Year: 2020
Category: Cultural Architecture
Skills: Rhino, Photoshop, Illustrator
Both sculpture and architecture experience the same design process, the manipulation of three-dimensional space. Throughout the years sculpture went from being associated with monuments and places to isolated and abstract. Another boundary of architecture is landscape. Over many years landscape has become a territory that separated sculpture from architecture. By using the study of sculpture we can start to analyze the fluidity of all three practices, sculpture, landscape, and architecture. In this project, the art of sculpture was experimented at various scales. The relationship between sculpture, landscape, and architecture was developed through a series of iterations. By replicating the ceramic work of the artist Takuto Kuwata, displacement maps were created. By using the art of sculpture it enabled a continuity between landscape and architecture. The Tang Museum serves as a walkthrough experience of a collection of storage artwork of sculptures and other mediums for students at Skidmore college in New York. The Tang Museum integrates a part of the campus that has not been explored by allowing students to connect to nature and art like the architecture is a connection between landscape and the sculpture of the building.

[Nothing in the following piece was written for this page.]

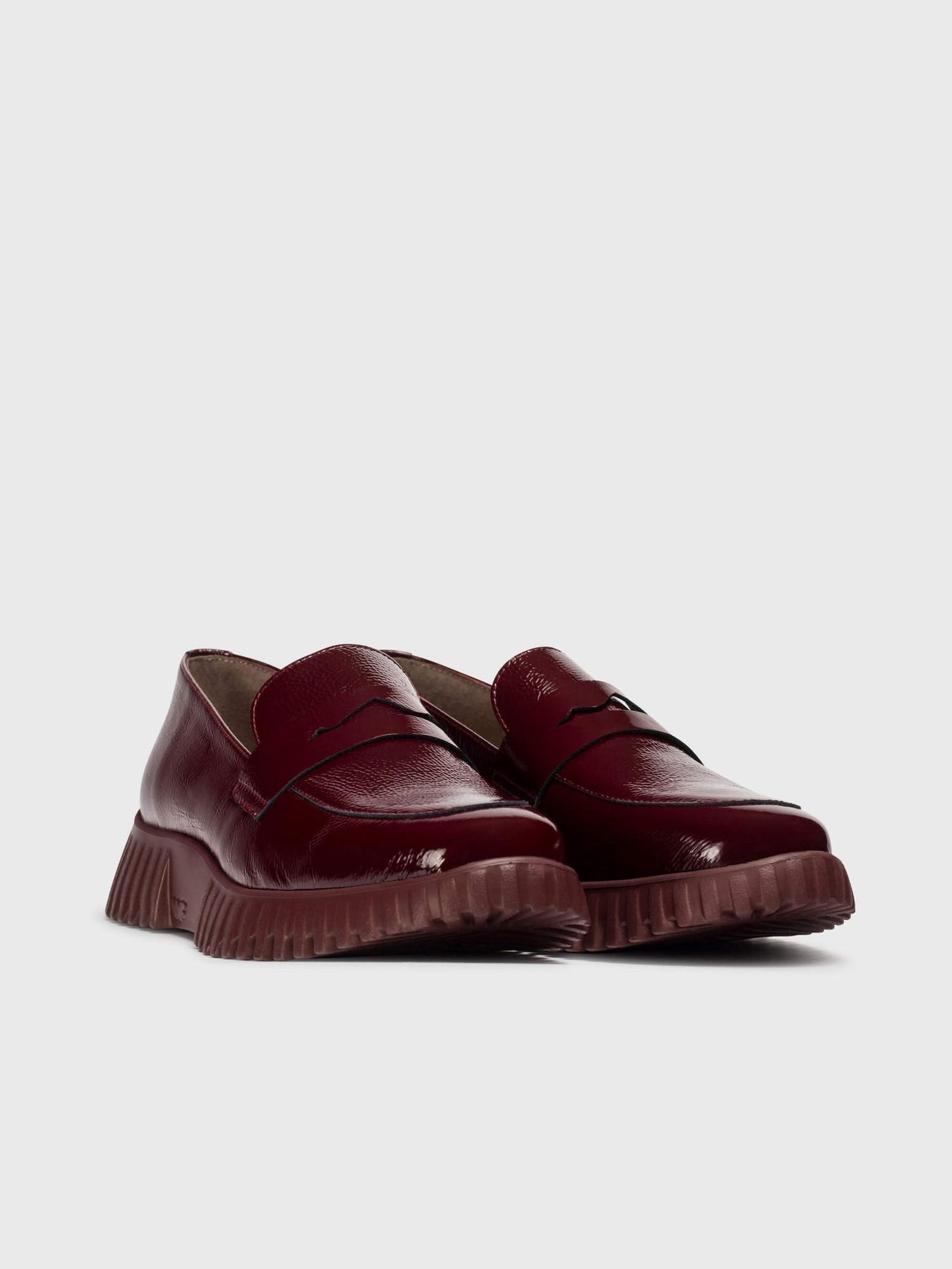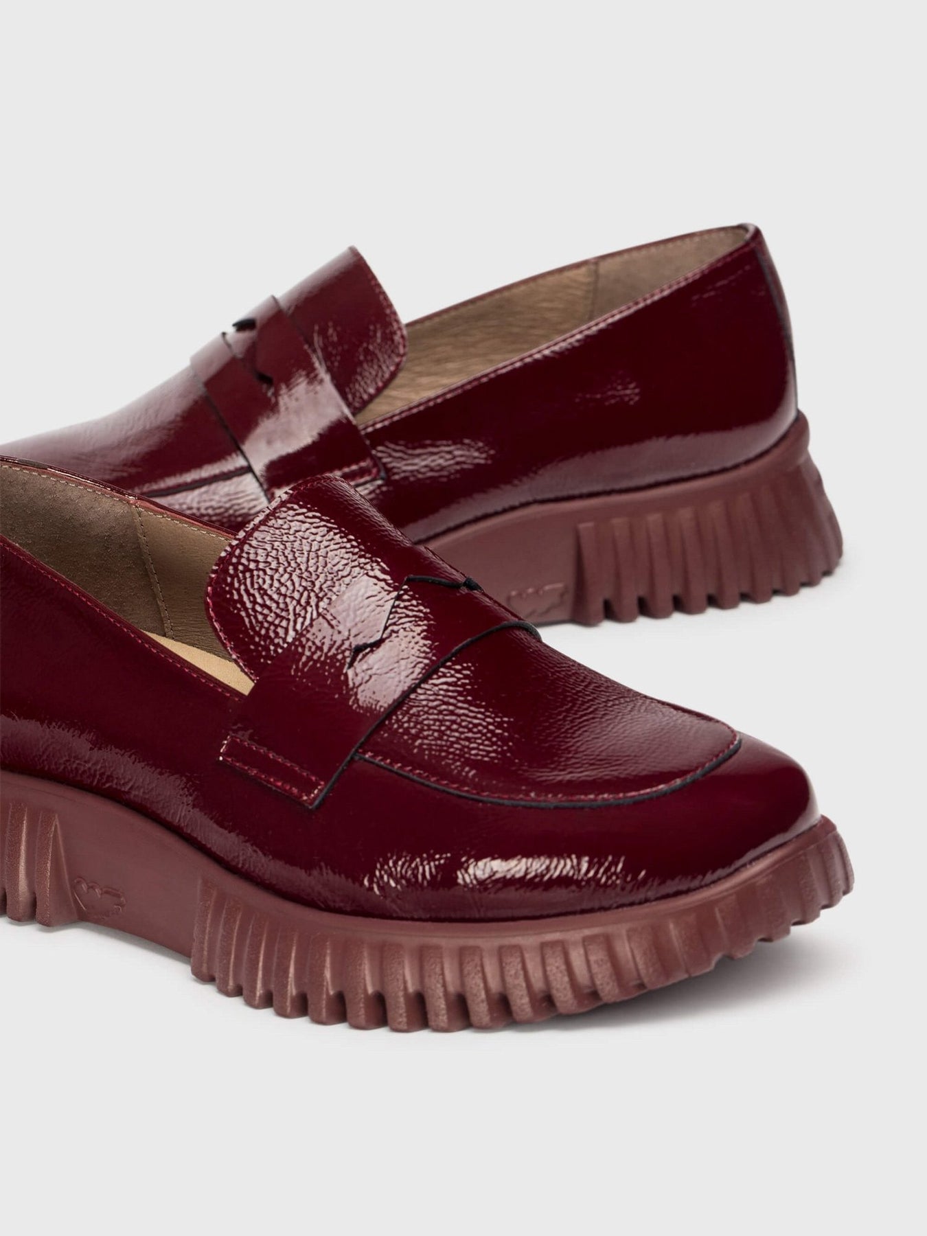 Realizzato in pelle verniciata bordeaux, abbina linee classiche a un tocco moderno, reso unico dalla zeppa leggera che dona altezza e stabilità. La suola dentellata in gomma assicura aderenza, flessibilità e resistenza, perfetta per un utilizzo quotidiano.

This Rendering captures the dynamic of the building from one end. The view is unique to other views captured because the architecture is lost in it's environment and the sense of depth starts to be obscure.

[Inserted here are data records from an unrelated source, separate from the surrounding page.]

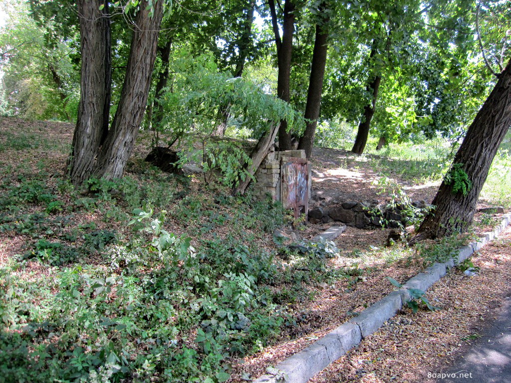 Это все один и тот же адрес, по которому сегодня расположены три здания и остатки древнего вала, засаженные деревьями и травой. В одном из его склонов можно обнаружить два заваренных входа, ведущих внутрь.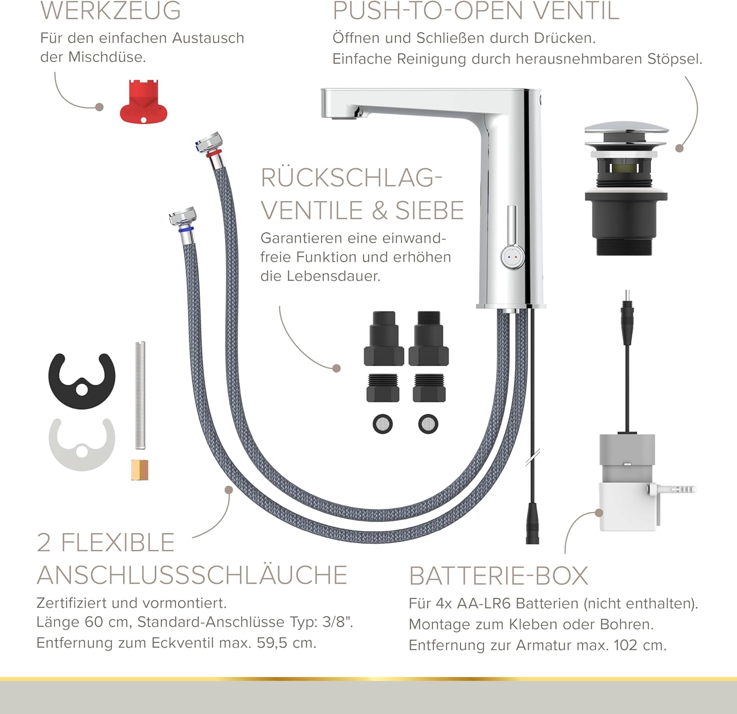 - zertifizierte flexible Markenanschlussschläuche erleichtern das Anschliessen an die Wasserversorgung
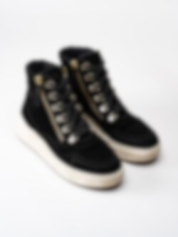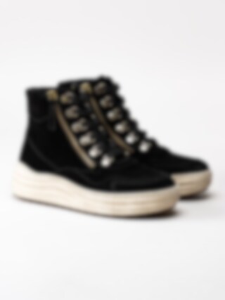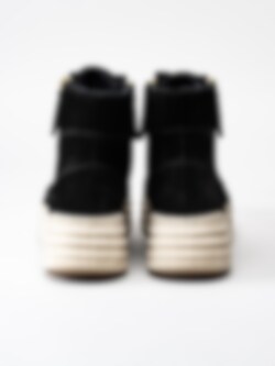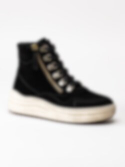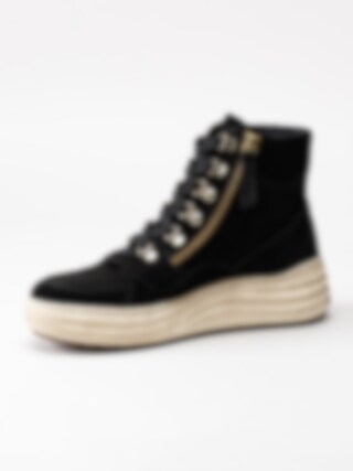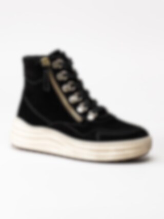 Svarta platåkängor tillverkade i mocka från Gabor.
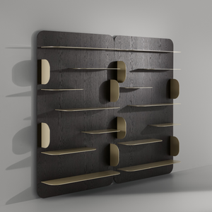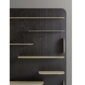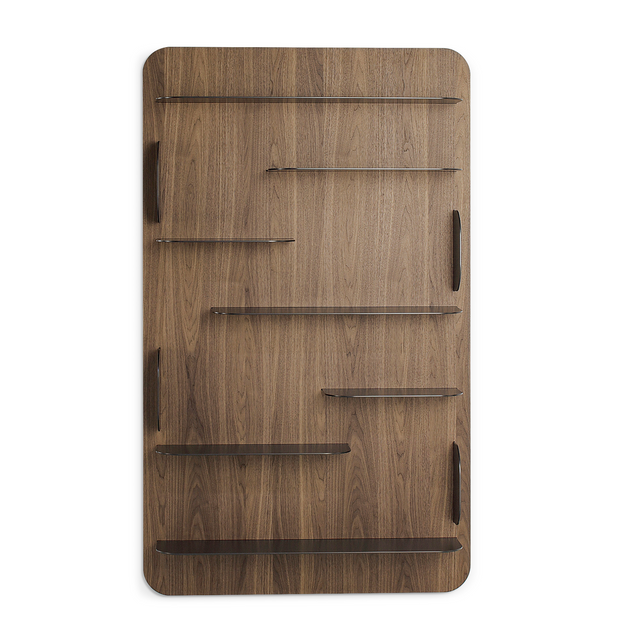 The Blabla collection consists of two different functional units, a contemporary design bookcase panel and a mirror panel, which when paired together create a system of elements that can be individually positioned or combined in an elegant composition. The distinguishing feature of the Blabla contemporary bookcase and mirror is the rounded profile of the shelves and side support panel, as well as the interruption and discontinuity of the shelves. The Blabla collection consists of a thick panel in Canaletto walnut or coal ash wood, contrasting with slender metal shelves; the bookcase is wall-hung and comes with shelves of various lengths.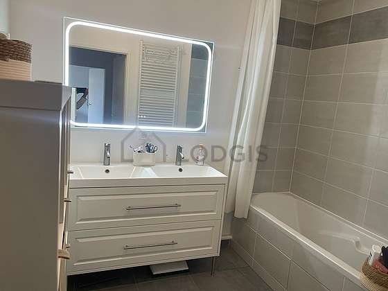 Cet appartement est équipé d'une salle de bain agréable et claire. Cette salle d'eau bénéficie du nécessaire pour votre bien-être au quotidien : etagère, baignoire, lavabo. Les toilettes sont séparées de la salle de bain et situées dans une pièce indépendante.

The Museum is immersed into the forest zone of the college campus. The geometry is clearly shown here. The unique form stretches' from student dorm are to education facilities providing students and faculty a physical space for freedom of mind.
The form of the Museum shapes the circulation of the visitor experience. The floors intertwine and elevate in elevation throughout. As shown in this plan, there are certain parts that are shown at the highest level. Parts of the floor are shown in the distance which gives a sense of depth and understanding that the building moves. This adds to the experience of being in the woods and adapting to the irregularity of it's landscape.

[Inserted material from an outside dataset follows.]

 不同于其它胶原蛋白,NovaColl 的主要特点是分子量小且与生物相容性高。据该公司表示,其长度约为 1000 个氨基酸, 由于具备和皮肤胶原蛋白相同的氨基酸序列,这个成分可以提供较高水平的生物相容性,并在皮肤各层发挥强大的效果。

The materiality is seen at a closer perspective in this image. The reflectivity of the glass allows the architecture to blend into it's environment.
This image shows a section of the museum where artwork is displayed as visitors walk through the building. Looking through the full height floor to ceiling glazing is the fully enclosed body of the museum that intersects the fully exposed body. This opposite dynamic provides two different experiences. One in which a visitor experiences nature in all views and another where art is displayed in every direction.